I literally don't know ..
what the fuck i'm doing.
No goals No passion No desires.
Just wasting my time in front of computer.
What should i do? i wanna have a purpose in my life. A reason to live my life ..
What about you anon?
P.S: I'm alcoholic
Stop wasting time on the computer, but acctually start a business or similar.
Having no friends/nothing to do can be your superpower, if you allow the time to flow into productive work, instead somehow letting it pass by
Actually i work as a cyber security analyst.
The pay is not High but at least it's decent.
Every Sunday i go to my farmhouse
which is 30 Miles away from my house to look after my farm and to pay money to labors.
I had friends but they live miles away from me.
Money isn't an issue
the issue is what should i do? That would actually bring an change to my pathetic lifestyle
My life completely feels an black and white movie.
The thing that makes you depressed is the assumption you should have a purpose. If you lived without seeking purpose you wouldn't feel empty. I have no purpose nor any feeling like I need one and I am very happy. Remove this fucking retardation that you need a purpose from your mind and you will feel a lot better.
In the end it makes no diffrence, but starting your own project and getting passionate about it gives your life a plan and sense, out of my expirience. But overall there is not much you can do except accepting your useless life and starting to enjoy it. You can always kill your selfe after you failed.
What little I know about Buddhism says many things about enjoying life; good food, loving others, having friends, just going with it. Zen likewise tells you to accept the hardships and joys. But it isn't empty nihilism in which we just waste our lives masturbating and waiting to die. There's something more, and that purpose is oft found in bringing joy to others as much as we too indulge in it. Bringing life and purpose to those less fortunate, and focusing ourselves on higher purpose.
Though still, we all die, and is there another life?
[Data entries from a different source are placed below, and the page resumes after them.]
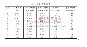 本文采用MATLAB軟件進行仿真實驗,通過提供的40組人工裂縫的樣本,對RBF神經(jīng)網(wǎng)絡(luò)系統(tǒng)進行訓(xùn)練學(xué)習(xí)和模式識別,并在學(xué)習(xí)初期對輸入數(shù)據(jù)進行了預(yù)處理,通過樣本訓(xùn)練逐漸生成最佳的RBF期網(wǎng)絡(luò)[8]。另取10組測試樣本數(shù)據(jù)作為輸入,用MATLAB軟件進行模擬仿真,同時利用RBF神經(jīng)網(wǎng)絡(luò)對其進行深度評估,并與常規(guī)BP神經(jīng)網(wǎng)絡(luò)進行對比,其實驗仿真結(jié)果如表1所示。
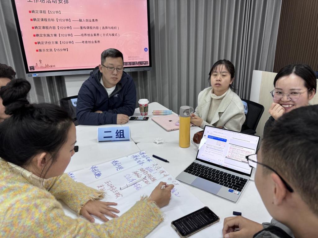 “专创融合校本课程设计工作坊”为参训教师提供了一个展示和交流的平台。在这里,教师们分为8小组进行了校本课程设计的实操练习,每组教师积极参与,热烈讨论,加强团队合作,大胆地将本组的设计理念和成果呈现给其他参与者,接受评议和建议,极大地提升了教师们的实战经验和团队协作能力。
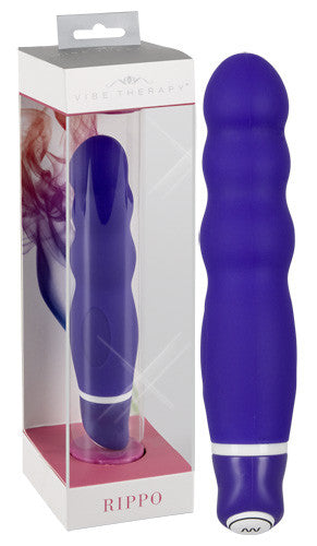 Vibrator with wavy shaft. Silent vibration in 7 different rhythms at the push of a button. Purple. Length approx. 15 cm, Ø 2.4-3 cm. Material: silicone, ABS, phthalate-free according to EU Regulation REACH.
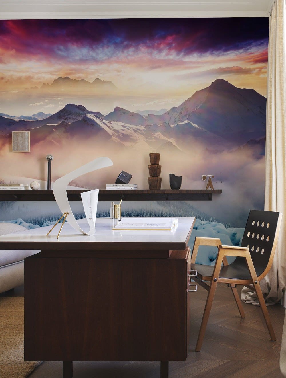 Profitez de ce coucher de soleil du soir au sommet de la montagne après la peinture murale de papier peint de neige. Créez un mur de fonctionnalité incroyable dans vos intérieurs avec cette magnifique fresque murale des majestueuses chaînes de montagnes inondées de ciel coloré et des pics rocheux enneigés. Associez-le au mobilier moderne de votre choix.
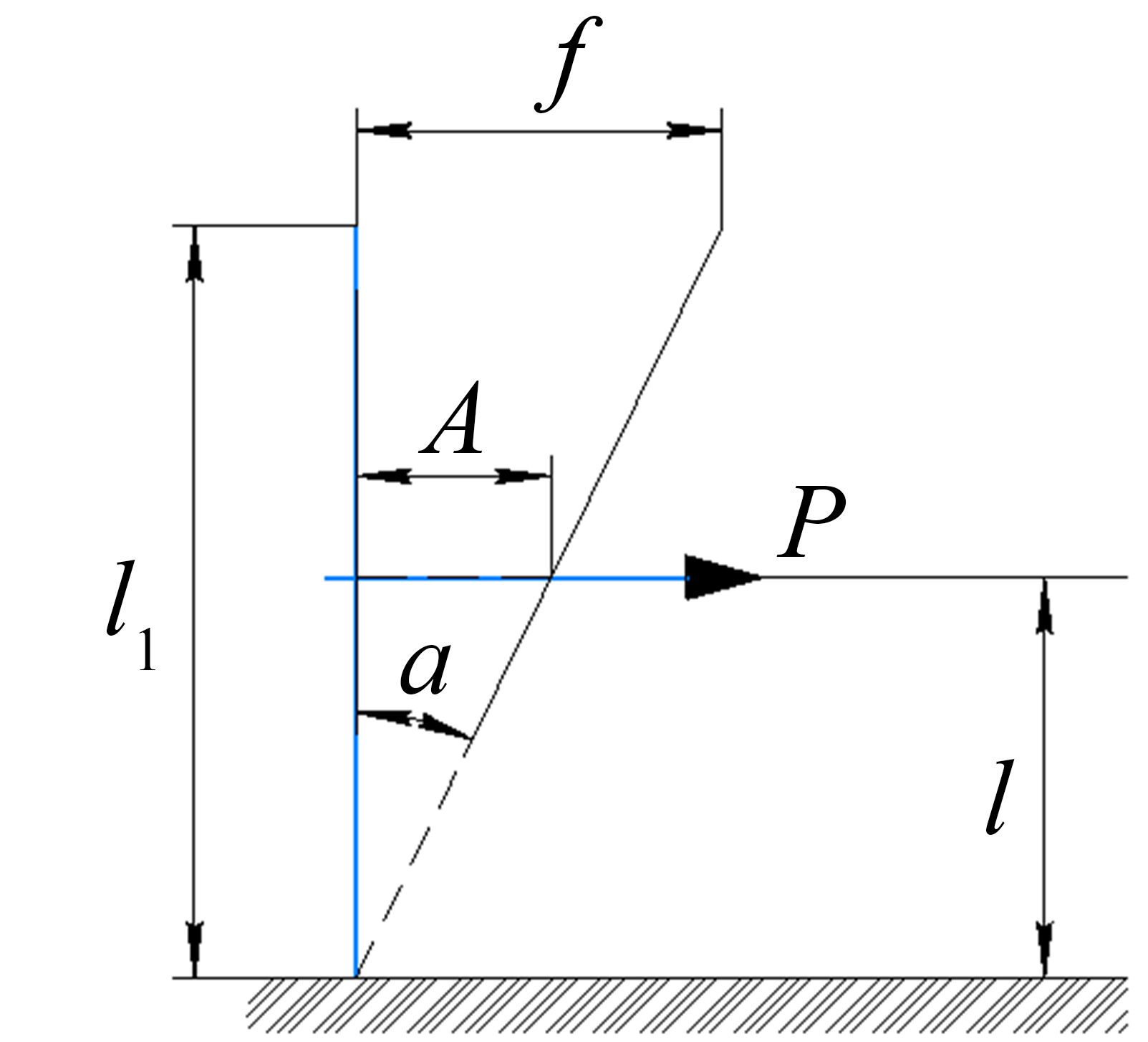Note: P – impact force, N; ℓ – impact force arm, mm; ℓ1 – length, mm; f – maximum transverse bending of the stem, m; A – distance at which the stem deflected by the impact force, mm; a - deflection angle, degrees.

I don't know. Honestly, I've clung to one thing amidst all this chatter of higher purpose; an idea proposed by Martin Heidegger. That we have no purpose in life, that we can't define any purpose. Thus, we can only give ourselves purpose; choose a goal, and pursue it wholeheartedly to the exclusion of everything else. Hate crime? Become a detective. Love sweets? Become a baker. Do your goddamned best in something that is fulfilling to you. Fuck what anyone else has to say about it. It's your life, you only get one.
To bring hate...
I feel like that oftentimes, but my hate is targeted.
I feel hate toward those who fuck with decent people. I hate violent criminals, violent drug addicts, I hate bullies and people who fuck with others for fun. I want to bring all of God's hate upon them. I want to laugh and watch them burn, screaming, unable to die in a furnace. I want to repay evil with evil.
As for the good, I wish them only peace and joy.
Guys like you wind up shooting up a place and then offing themselves. It's sad, and has no meaningful impact in the long run. Especially in America where public shootings are a regular thing. If you've got the balls to shoot up a school or church, why don't you have the balls to shoot up a crack house or a mafia meeting? I mean, you're going to kill yourself before the police arrive anyway. Why not at least go out like the Punisher, make some interesting news? "Local teen dies in a pitched shootout against Jersey crime lords, news at 11." Fuck, you'd be the first real hero on 4chan ever.